Болезнь Лили прогрессировала, и настал день, когда пришлось забрать ее из родного дома и отвезти в дом престарелых. То, что составляло суть ее будней, стало для нее недостижимо. То она оставляла включенной на всю ночь духовку со смазанной маслом сковородкой, то прятала ключ от дома между досками пола, а потом не могла его найти, то путала шампунь с отбеливателем. А сколько раз, встав посреди улицы, или магазина, или соседской гостиной, терялась и не могла понять, откуда она пришла, кто эти люди, где она живет и что теперь делать! Прошел еще год — и она уже не помнила ни о себе, ни о доме. Но Генри не решался продать дом своего детства, это казалось ему предательством. Они с Розалинд время от времени ездили туда, летом он подстригал газон под окнами.
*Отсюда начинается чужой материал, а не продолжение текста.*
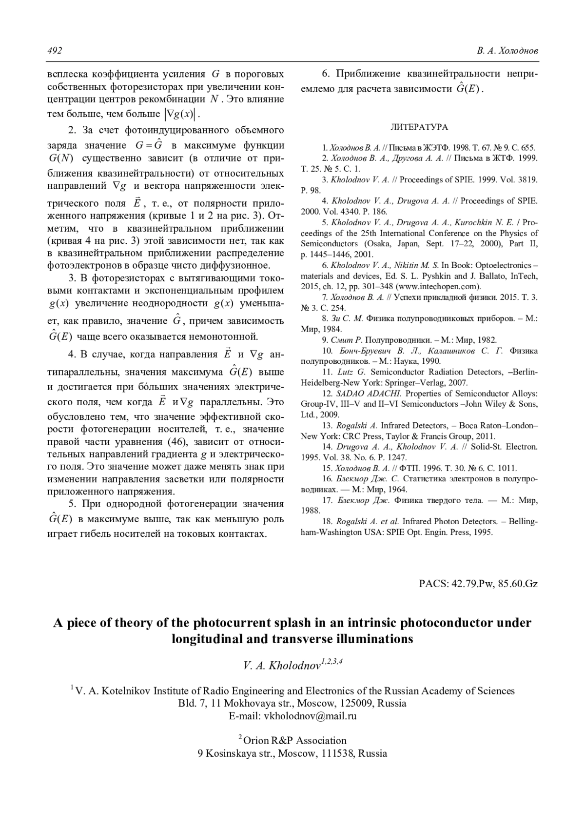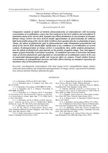 V. A. Kholodnov A piece of theory of the photocurrent splash in an intrinsic photoconductor under longitu-dinal and transverse illuminations 485
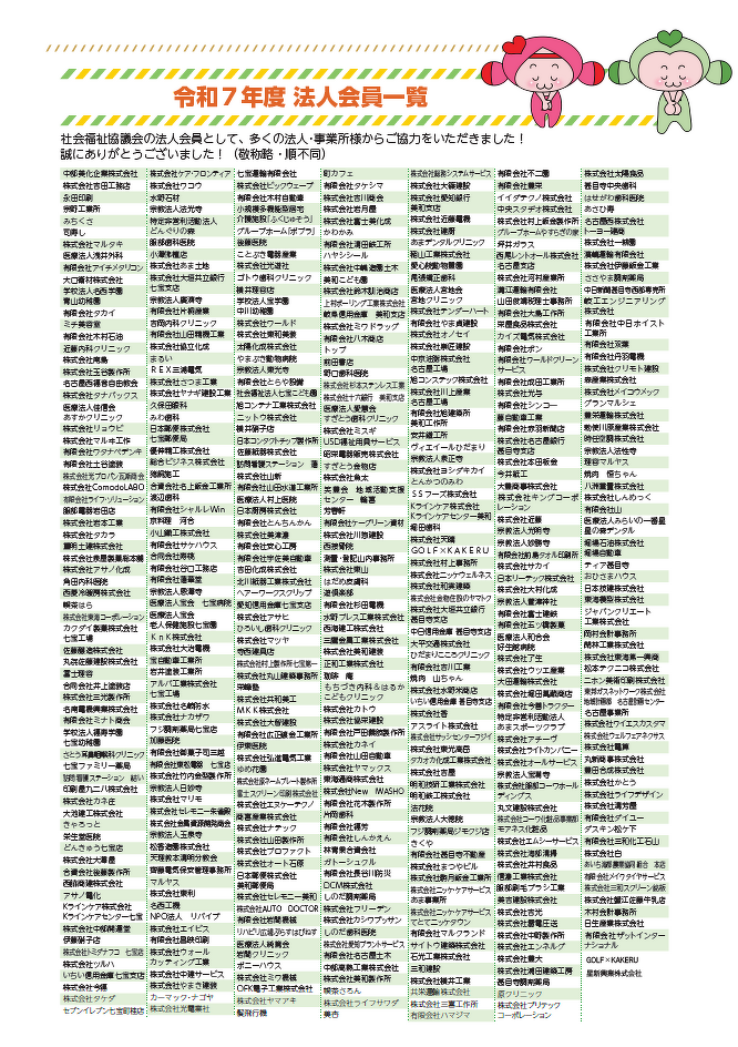 令和7年度あま市社会福祉協議会会員募集につきましては、市民の皆様や法人事業所各位から温かいご理解と、多大なご協力を賜ることができました。皆様には心より厚くお礼申し上げます。
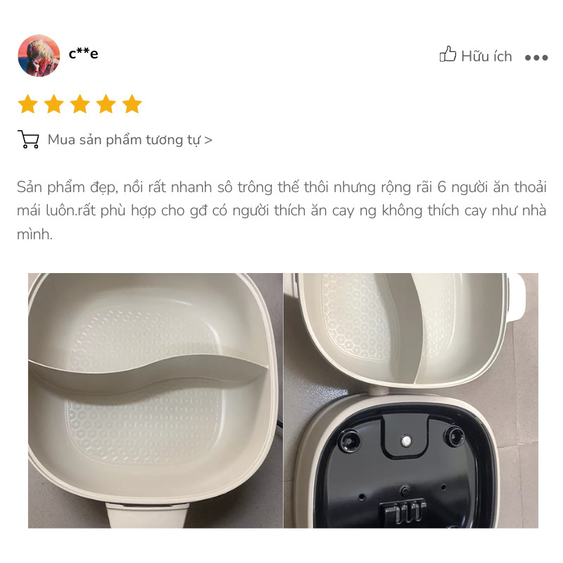 Hai ngăn riêng biệt trong nồi giúp bạn nấu hai loại nước lẩu cùng lúc, ví dụ như lẩu cay cho người lớn và lẩu thanh nhẹ cho trẻ em, đáp ứng khẩu vị đa dạng mà không làm lẫn hương vị. Nắp kính cường lực trong suốt dễ quan sát quá trình nấu ăn mà không cần mở nắp, giữ nhiệt hiệu quả.
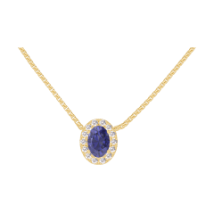 « L'ATELIER » NO. 202125Necklace Yellow gold 18 carats - Blue Sapphire Oval 0.3 Carats - Halo Diamond white - Chain Venetian

Все в доме оставалось на своих местах, ожидая хозяйку, которая никогда не вернется: желтые резиновые перчатки на деревянном колышке, салфетки в буфете, держатель зубочисток в виде фарфорового ослика. Но вскоре на всех вещах в доме появился налет запустения, не имеющий ничего общего с пылью. Даже с дороги видно было, что в доме никто не живет, и, когда однажды ноябрьским днем мальчишки разбили камнем окно в гостиной, Генри понял: пора действовать.

Однажды

в выходные он приехал туда вместе с Розалинд и с детьми, чтобы очистить дом. Каждый выбрал себе что-то на память, хотя бы из уважения. Дейзи взяла египетское латунное блюдо, Тео — карманные часы, Розалинд — фарфоровую вазу для фруктов. Генри взял обувную коробку с фотографиями. Еще кое-что отошло племянникам и племянницам. Кровать Лили, ее тумбочка, два гардероба, ковры и книжные полки остались дожидаться работников коммунальной службы. Одежду, кухонную утварь, украшения, на которые никто не польстился, семья упаковала в коробки, чтобы отослать в какое-нибудь благотворительное заведение — никогда прежде Генри не задумывался о том, что эти конторы существуют благодаря чьей-то смерти. Все прочее сложили в большие полиэтиленовые пакеты и выставили на свалку. Работали молча, как мародеры, включать радио казалось неприлично. Всего день понадобился, чтобы стереть с лица земли все следы существования Лили.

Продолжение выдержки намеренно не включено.